■ **Exercise requirements**:
Range to copy from the entries below: the line containing "本作は、生ぶ無銘の切り刃造り" through the line containing "Zmiany długości życia", inclusive. Retype only those lines, exactly, without any images.

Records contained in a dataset
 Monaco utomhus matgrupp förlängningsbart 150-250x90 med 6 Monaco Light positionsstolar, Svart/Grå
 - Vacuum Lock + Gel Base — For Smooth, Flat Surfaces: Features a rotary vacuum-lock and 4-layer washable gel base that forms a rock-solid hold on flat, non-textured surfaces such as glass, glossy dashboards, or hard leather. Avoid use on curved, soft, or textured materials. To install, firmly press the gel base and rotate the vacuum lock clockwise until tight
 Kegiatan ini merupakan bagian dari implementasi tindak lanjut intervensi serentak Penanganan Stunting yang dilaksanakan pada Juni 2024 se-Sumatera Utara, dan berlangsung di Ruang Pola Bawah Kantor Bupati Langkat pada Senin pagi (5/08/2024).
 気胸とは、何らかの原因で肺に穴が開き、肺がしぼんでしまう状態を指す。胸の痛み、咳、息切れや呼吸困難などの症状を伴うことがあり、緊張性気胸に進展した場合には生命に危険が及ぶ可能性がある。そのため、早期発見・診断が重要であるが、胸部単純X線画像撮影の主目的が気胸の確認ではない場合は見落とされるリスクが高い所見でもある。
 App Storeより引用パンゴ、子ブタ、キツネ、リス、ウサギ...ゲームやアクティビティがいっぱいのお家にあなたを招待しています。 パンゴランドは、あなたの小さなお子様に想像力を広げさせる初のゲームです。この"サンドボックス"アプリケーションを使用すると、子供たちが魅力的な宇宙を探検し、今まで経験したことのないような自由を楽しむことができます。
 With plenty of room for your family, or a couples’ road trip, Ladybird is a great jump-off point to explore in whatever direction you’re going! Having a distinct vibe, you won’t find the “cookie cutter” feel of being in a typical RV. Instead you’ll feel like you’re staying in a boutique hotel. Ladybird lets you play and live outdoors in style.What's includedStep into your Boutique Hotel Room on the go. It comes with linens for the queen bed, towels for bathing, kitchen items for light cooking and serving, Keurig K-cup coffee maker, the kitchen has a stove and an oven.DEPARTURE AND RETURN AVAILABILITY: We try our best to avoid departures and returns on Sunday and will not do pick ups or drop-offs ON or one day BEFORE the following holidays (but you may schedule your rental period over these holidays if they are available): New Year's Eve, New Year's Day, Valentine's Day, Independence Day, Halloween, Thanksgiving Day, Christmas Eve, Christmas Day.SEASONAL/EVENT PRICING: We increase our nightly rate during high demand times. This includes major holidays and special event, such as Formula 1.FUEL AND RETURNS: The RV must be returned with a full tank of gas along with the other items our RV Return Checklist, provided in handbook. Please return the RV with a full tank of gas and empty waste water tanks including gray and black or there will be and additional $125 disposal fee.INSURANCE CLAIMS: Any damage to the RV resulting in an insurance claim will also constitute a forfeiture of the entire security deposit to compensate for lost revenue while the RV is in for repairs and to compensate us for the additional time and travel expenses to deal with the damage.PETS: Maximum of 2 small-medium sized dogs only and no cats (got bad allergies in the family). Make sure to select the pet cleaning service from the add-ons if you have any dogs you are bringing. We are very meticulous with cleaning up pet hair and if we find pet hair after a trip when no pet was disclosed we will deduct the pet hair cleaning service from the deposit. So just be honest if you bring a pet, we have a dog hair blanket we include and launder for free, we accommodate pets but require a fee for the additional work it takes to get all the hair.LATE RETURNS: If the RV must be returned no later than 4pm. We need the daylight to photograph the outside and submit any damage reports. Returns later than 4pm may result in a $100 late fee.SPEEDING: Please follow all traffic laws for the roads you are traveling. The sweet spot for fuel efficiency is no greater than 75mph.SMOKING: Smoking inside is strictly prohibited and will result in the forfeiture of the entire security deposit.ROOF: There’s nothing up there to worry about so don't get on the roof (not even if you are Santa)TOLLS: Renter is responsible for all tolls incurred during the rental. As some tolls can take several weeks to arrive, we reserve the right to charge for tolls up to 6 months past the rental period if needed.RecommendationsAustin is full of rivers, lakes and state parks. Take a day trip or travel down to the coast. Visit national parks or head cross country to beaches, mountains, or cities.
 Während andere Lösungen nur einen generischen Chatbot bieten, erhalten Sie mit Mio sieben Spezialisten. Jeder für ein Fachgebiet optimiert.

==

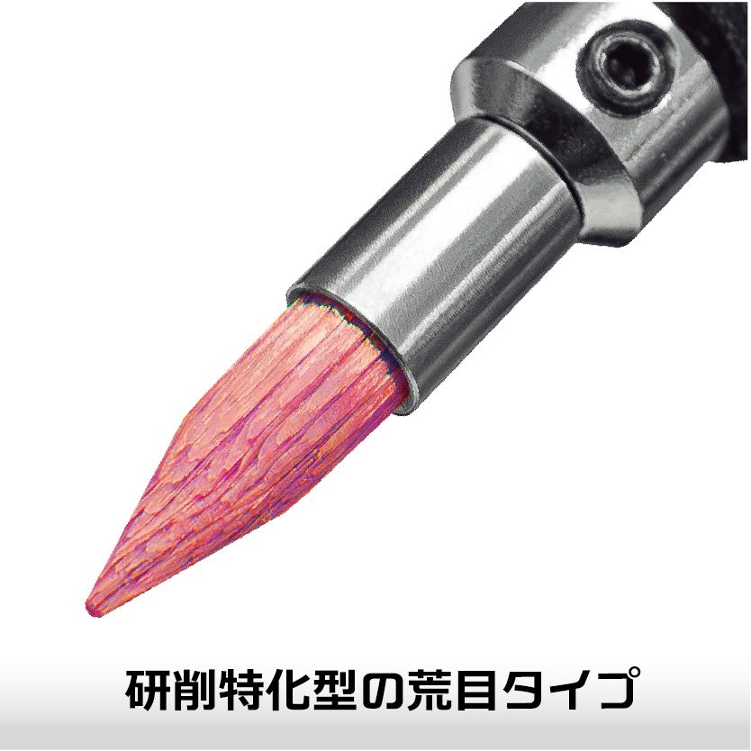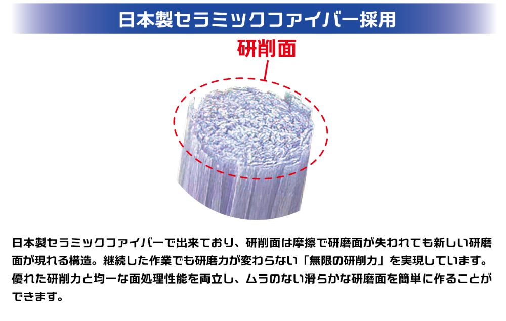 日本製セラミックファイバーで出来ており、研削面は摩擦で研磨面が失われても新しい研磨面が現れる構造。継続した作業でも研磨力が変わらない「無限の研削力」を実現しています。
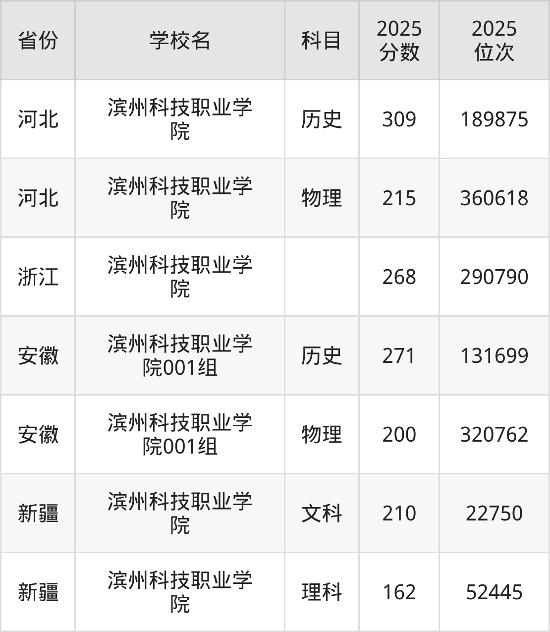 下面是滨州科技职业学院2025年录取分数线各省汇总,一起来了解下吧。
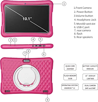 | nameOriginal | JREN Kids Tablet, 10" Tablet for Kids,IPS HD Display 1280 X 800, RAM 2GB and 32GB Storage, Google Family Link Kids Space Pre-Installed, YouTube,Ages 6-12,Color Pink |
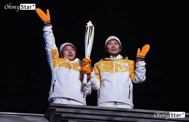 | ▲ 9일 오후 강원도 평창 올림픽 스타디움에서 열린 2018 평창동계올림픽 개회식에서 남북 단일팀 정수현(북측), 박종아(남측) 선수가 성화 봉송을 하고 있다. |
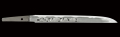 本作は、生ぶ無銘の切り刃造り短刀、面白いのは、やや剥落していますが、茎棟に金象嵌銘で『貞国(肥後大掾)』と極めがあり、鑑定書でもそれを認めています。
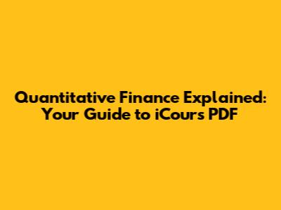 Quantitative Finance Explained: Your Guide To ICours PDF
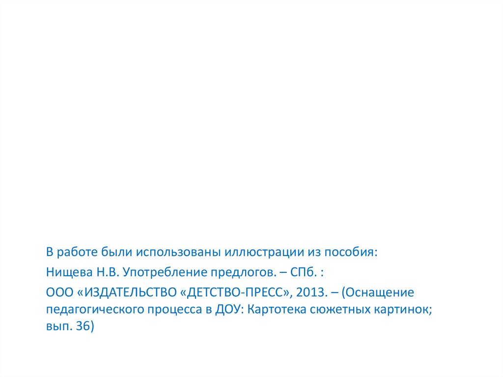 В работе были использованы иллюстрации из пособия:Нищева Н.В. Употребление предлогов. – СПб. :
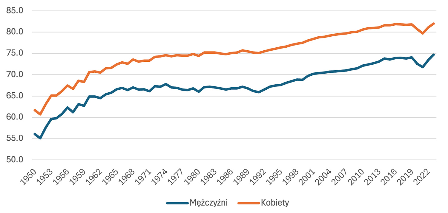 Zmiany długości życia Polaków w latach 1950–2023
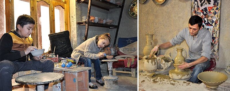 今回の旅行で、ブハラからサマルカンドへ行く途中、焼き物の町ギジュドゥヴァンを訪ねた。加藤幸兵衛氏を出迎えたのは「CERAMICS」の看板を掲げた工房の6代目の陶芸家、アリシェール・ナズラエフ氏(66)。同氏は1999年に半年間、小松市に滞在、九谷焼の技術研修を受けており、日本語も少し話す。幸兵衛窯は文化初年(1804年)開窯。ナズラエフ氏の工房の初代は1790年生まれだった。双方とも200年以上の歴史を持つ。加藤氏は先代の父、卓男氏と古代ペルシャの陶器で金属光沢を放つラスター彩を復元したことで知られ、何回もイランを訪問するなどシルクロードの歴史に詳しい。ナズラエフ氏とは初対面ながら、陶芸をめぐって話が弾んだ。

■ **Solution for this exercise**:
 本作は、生ぶ無銘の切り刃造り短刀、面白いのは、やや剥落していますが、茎棟に金象嵌銘で『貞国(肥後大掾)』と極めがあり、鑑定書でもそれを認めています。
 Quantitative Finance Explained: Your Guide To ICours PDF
 В работе были использованы иллюстрации из пособия:Нищева Н.В. Употребление предлогов. – СПб. :
 Zmiany długości życia Polaków w latach 1950–2023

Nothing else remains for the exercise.